Backgound: Alcohol use disorder (AUD) is devastating and poorly treated, and innovative targets are actively sought for prevention and treatment. The orphan G protein-coupled receptor GPR88 is enriched in mesocorticolimbic pathways, and Gpr88 knockout mice show hyperactivity and risk-taking behavior, but a potential role for this receptor in drug abuse has not been examined.
Methods: We tested Gpr88 knockout mice for alcohol-drinking and -seeking behaviors. To gain system-level understanding of their alcohol endophenotype, we also analyzed whole-brain functional connectivity in naïve mice using resting-state functional magnetic resonance imaging.

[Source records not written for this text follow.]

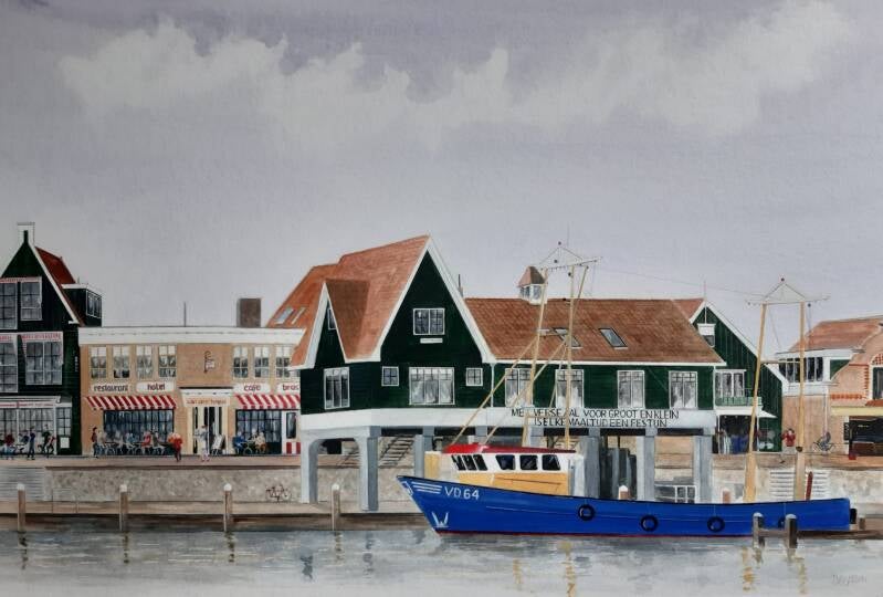 Aquarel 50 x 70 cm. De Dijk in Volendam.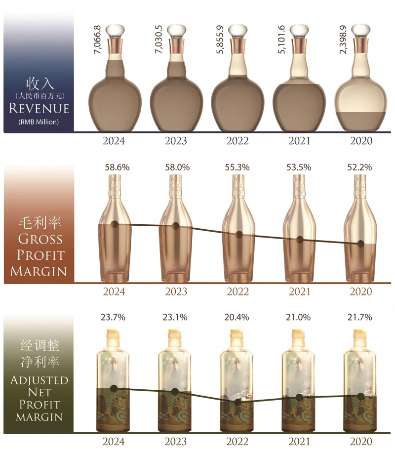 滄海橫流,方顯英雄本色。在白酒行業(yè)激烈的競爭格局中,珍酒李渡的競爭優(yōu)勢愈發(fā)凸顯,從行業(yè)對比看,2024年,珍酒李渡毛利率提升至58.6%(以A股會計(jì)準(zhǔn)則計(jì)算為75.5%),經(jīng)調(diào)整凈利率提升至23.7%,兩項(xiàng)關(guān)鍵指標(biāo)同比均提升0.6個百分點(diǎn)。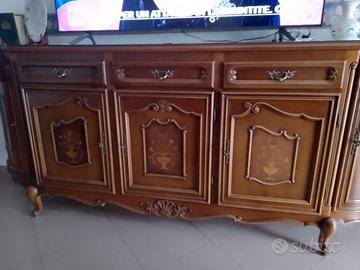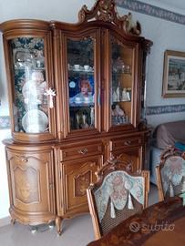 buffet, cristalliera, tavolo intarsiato con 6 sedie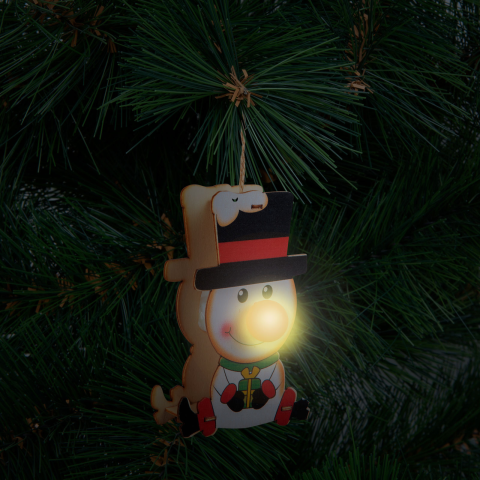 Dekorálja karácsonyfáját egy különleges karácsonyi, aranyos, LED-es karácsonyfadísszel. Teremtsen meghitt hangulatot, díszítse karácsonyfáját természetes anyagokból készült díszekkel. Festett, 3 féle vidám forma, melyek piros orra világít.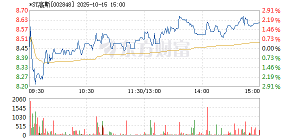 *ST高斯盘中快速反弹,5分钟内涨幅超过2%,截至9点46分,报8.43元,成交1012.18万元,换手率0.73%。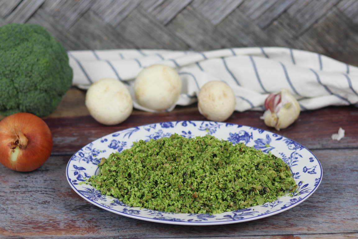 La receta de cuscús de brecol es una receta de falso cuscús. Y ¿por qué digo que es un plato de falso cuscús? Porque no estamos utilizando granos de cuscús en su elaboración sino que al picar las flores de brócoli conseguimos un efecto visual similar al cuscús pero en este caso como está elaborado con brécol tiene ese color verde tan característico.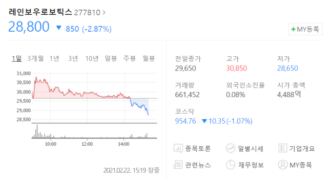 시가 총액 4,488억을 달성한 레인보우로보틱스는 공시를 통해 지난해 매출액도 같이 발표했는데요. 전년대비 +220.37%가 증가한 54억 2696만원이라고 합니다. 본격적인 협동로봇 사업 진출과 초정밀 지향 마운트 신제품 개발로 매출액이 증가하면서 레인보우로보틱스의 성장이 더욱 기대가 됩니다.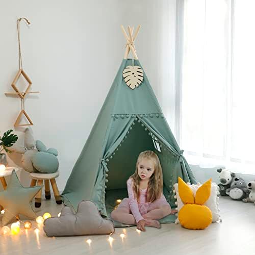 Foldable Teepee Tent for Kids Green Pompom Ball Design with Floor Mat,Carry Case,Banner,Four Ploes Classic Cute Children Playing House Indoor Outdoor Nursery Decor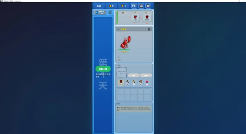 CrazyLobster — игра от компании Shenzhen Yiling Industrial Design Center, разработанная для платформы PC. Проект совмещает в себе такие жанры и элементы, как симулятор и стратегия. Дополнительно игроки выделяют такие особенности игры, как казуальная игра, симулятор, управление ресурсами и сатира. Вам будут доступны как одиночные, так и многопользовательские игровые режимы, такие как «для одного игрока» и «для нескольких игроков».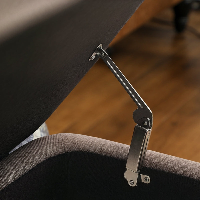 The padded top allows you to sit on this ottoman comfortably, with the linen-look upholstery feeling smooth on the skin. The steel legs support this storage stool, whether you are sitting on it or using it for storage.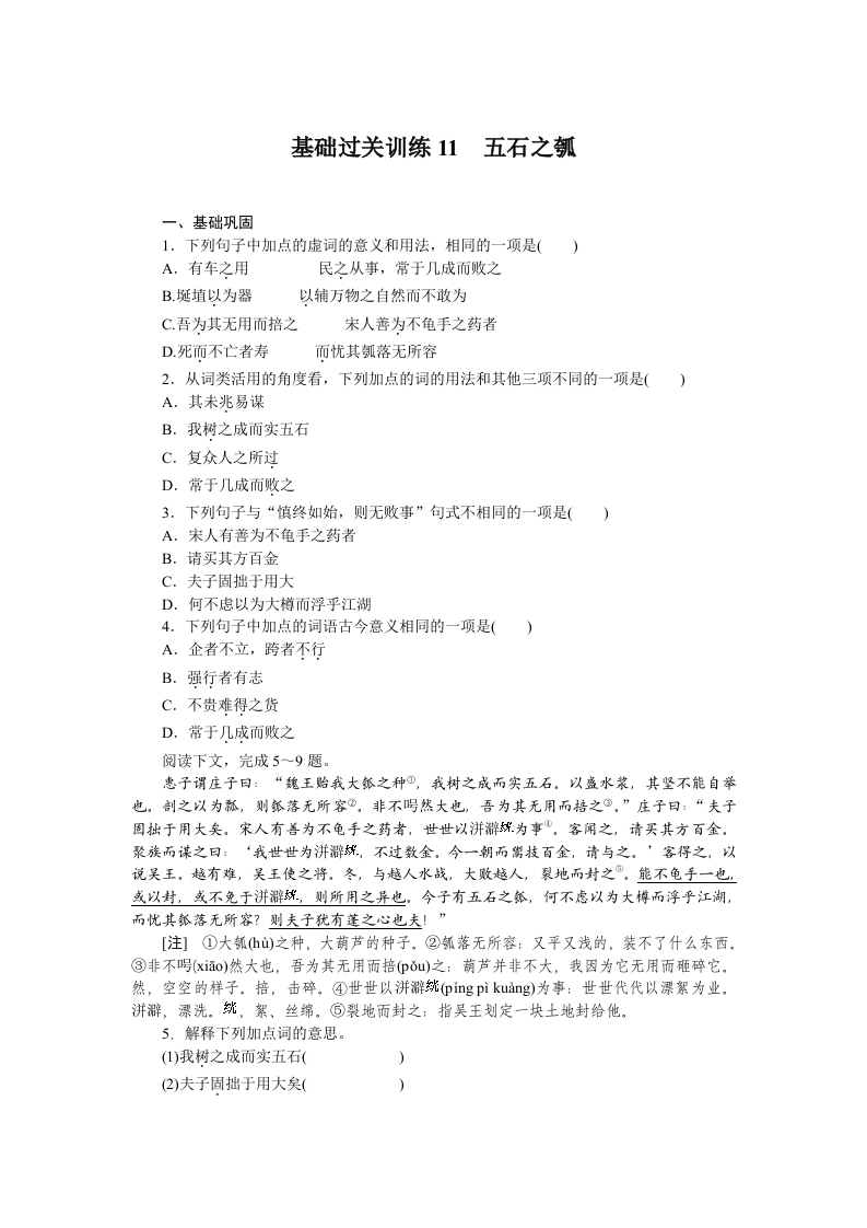 学生啦:基础过关训练11五石之瓠一、基础巩固1.下列句子中加点的虚词的意义和用法,相同的一项是()A.有车之用民之从事,常于几成而败之B.埏埴以为器以辅万物之自然而不敢为C.吾为其无用而掊之宋人善为不龟手之药者D.死而不亡者寿而忧其瓠落无所容2.从词类活用的角度看,下列加点的词的用法和其他三项不同的一项是(A,其未兆易谋B.我树之成而实五石C.复众人之所过D.常于几成而败之3.下列句子与“慎终如始,则无败事”句式不相同的一项是()A.宋人有善为不龟手之药者B.请买其方百金C.夫子固拙于用大D.何不虑以为大樽而浮乎江湖4.下列句子中加点的词语古今意义相同的一项是()A.企者不立,跨者不行B.强行者有志C.不贵难得之货D.常于几成而败之阅读下文,完成59题。惠子谓庄子曰:“魏王贻我大爺之种①,我树之成而实五石。以盛水浆,其坚不能自举聚族而谋之曰:‘我世世为讲群,不过数金。今一朝而鬻技百金,请与之。’客得之,以说吴王。越有难,吴王使之将。冬,与越人水战,大败越人,裂地而封之。能不龟手一也,或以封,或不免于讲,则所用之异也。今子有五石之瓠,何不虑以为大樽而浮乎江湖,而忧其爺落无所容?则夫子犹有蓬之心也夫!”[注]①大瓠h)之种,大葫芦的种子。②瓠落无所容:又平又浅的,装不了什么东西。③非不吗(xo)然大也,吾为其无用而掊pu)之:葫芦并非不大,我因为它无用而砸碎它。然,空空的样子。掊,击碎。④世世以讲澼姚(ping pi kuang)为事:世世代代以漂絮为业。讲澼,漂洗。就,絮、丝绵。⑤裂地而封之:指吴王划定一块土地封给他。5.解释下列加点词的意思。(1)我树之成而实五石((2)夫子固拙于用大矣()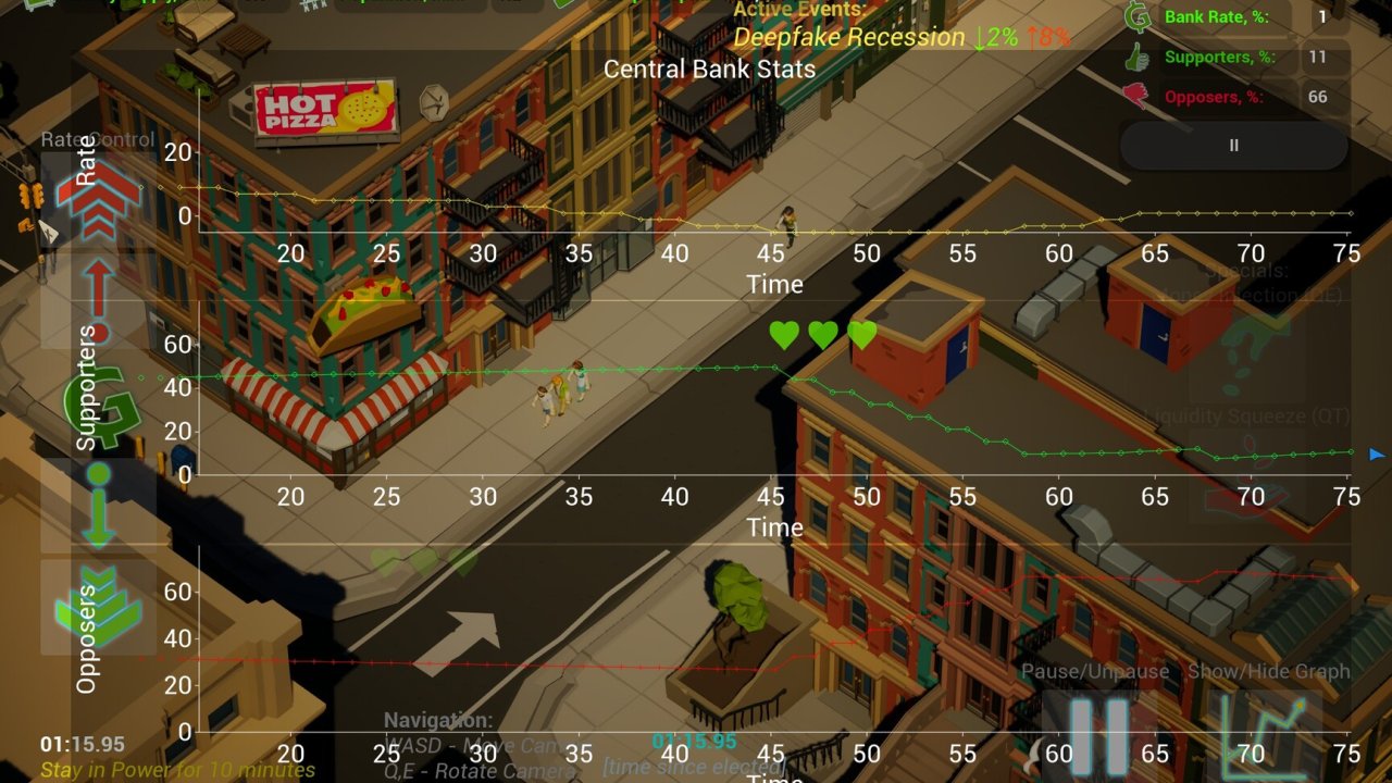Central Bank – это стратегический симулятор, посвященный экономике, в котором вы берете на себя роль архитектора международной денежной политики. Демонстрируя свои навыки, вы будете управлять процентными ставками, анализировать различные показатели и предсказывать их последствия. Зачем заниматься этими задачами? Ответ прост: так вы сможете поддерживать экономику в стабильном состоянии.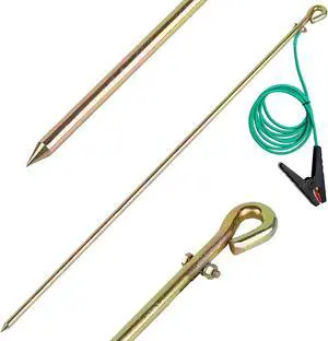 32inch Portable Ground Rod with 6.5ft 12AWG UL Listed Grounding Wire with Crocodile Clip,Great for Electric Fences,Antennas,Generator,Ground Post Pin(Grounding Rod with 6.5ft Wire)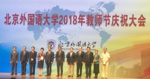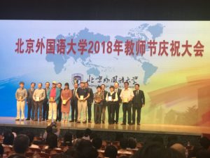 9月12日上午10:00,北京外国语大学2018年教师节庆祝大会在学校东院千人礼堂进行。在全校受表彰的单位和个人中,BB贝博获得多个令人瞩目的集体和个人荣誉。在获得的集体荣誉中,BB贝博教师党支部荣获2018年教育部首批全国高校“双带头人”教师党支部书记工作室光荣称号(负责人:李莉文);ESP研究中心荣获北京外国语大学2017年度优秀非实体研究机构。除此之外,BB贝博李莉文院长与其他教师一起获北京市教学成果奖二等奖。在受表彰教师中,李莉文院长荣获“北京外国语大学师德榜样”称号;BB贝博青年教师翟峥获北京外国语大学第三届青年教师教学基本功大赛论文优秀奖;蔡鸿老师荣获北京外国语大学2017-2018学年优秀教学奖(三等奖);蔡鸿、刘冰、苏乐舟、王艳、王颖、周兰喜获北京外国语大学2017-2018年度基础外语教学“陈梅洁奖”。除此之外,BB贝博从事教育工作满三十年的教师曹萍、陈宝春、刘冰、沈忆文、许新、张淑艳与其他教师一起得到了学校领导的特别表扬,肯定他们在30年育人过程中,勤勤恳恳、兢兢业业、为党的教育事业做出了自己的贡献。BB贝博教师曹萍、陈宝春、张淑艳、许新四位老师还先后上台接受校领导的热烈祝贺和颁发的荣誉奖牌。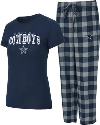 Rest and relax in ultimate comfort with this Dallas Cowboys Avondale T-Shirt & Pants Flannel PJ Set by Concepts Sport. Crafted from a soft blend of polyester and rayon, the T-shirt offers a lightweight and breathable feel. Brushed flannel pants feature a classic buffalo check pattern in team colors, bringing timeless style to your sleepwear collection.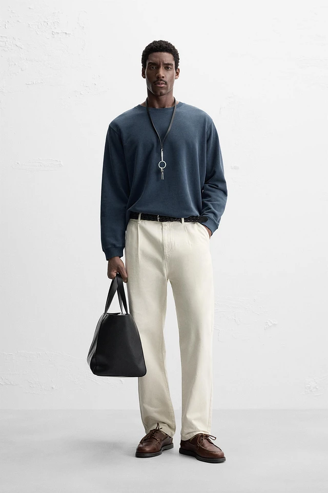 WASHED EFFECT TEXT PLUSH SWEATSHIRT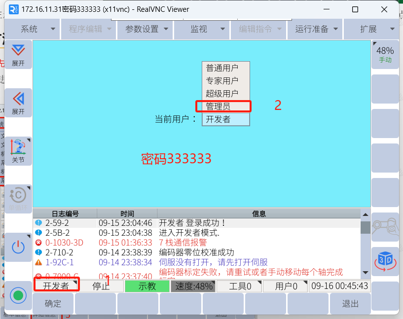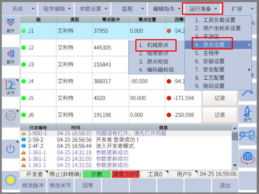 在示教器上,先切换成管理员模式,再点击:运行准备-原点设置-机械原点,可以进入机械零点界面。
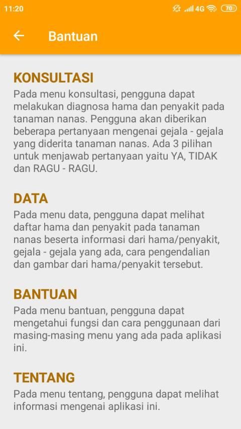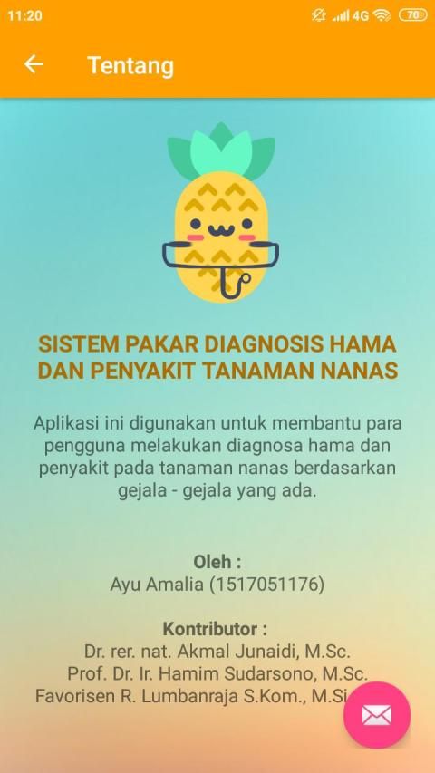 Aplikasi ini digunakan untuk membantu para pengguna melakukan diagnosa hama dan penyakit pada tanaman nanas berdasarkan gejala - gejala yang ada.

Results: Gpr88 knockout mice showed increased voluntary alcohol drinking at both moderate and excessive levels, with intact alcohol sedation and metabolism. Mutant mice also showed increased operant responding and motivation for alcohol, while food and chocolate operant self-administration were unchanged. Alcohol place conditioning and alcohol-induced dopamine release in the nucleus accumbens were decreased, suggesting reduced alcohol reward in mutant mice that may partly explain enhanced alcohol drinking. Seed-based voxelwise functional connectivity analysis revealed significant remodeling of mesocorticolimbic centers, whose hallmark was predominant weakening of prefrontal cortex, ventral tegmental area, and amygdala connectional patterns. Also, effective connectivity from the ventral tegmental area to the nucleus accumbens and amygdala was reduced.
Conclusions: Gpr88 deletion disrupts executive, reward, and emotional networks in a configuration that reduces alcohol reward and promotes alcohol seeking and drinking. The functional connectivity signature is reminiscent of alterations observed in individuals at risk for AUD. The Gpr88 gene, therefore, may represent a vulnerability/resilience factor for AUD, and a potential drug target for AUD treatment.
Keywords: Amygdala; Ethanol voluntary drinking; Gpr88 knockout mice; Operant self-administration; Orphan G protein–coupled receptor; Prefrontal cortex; Resting-state functional magnetic resonance imaging; Ventral tegmental area.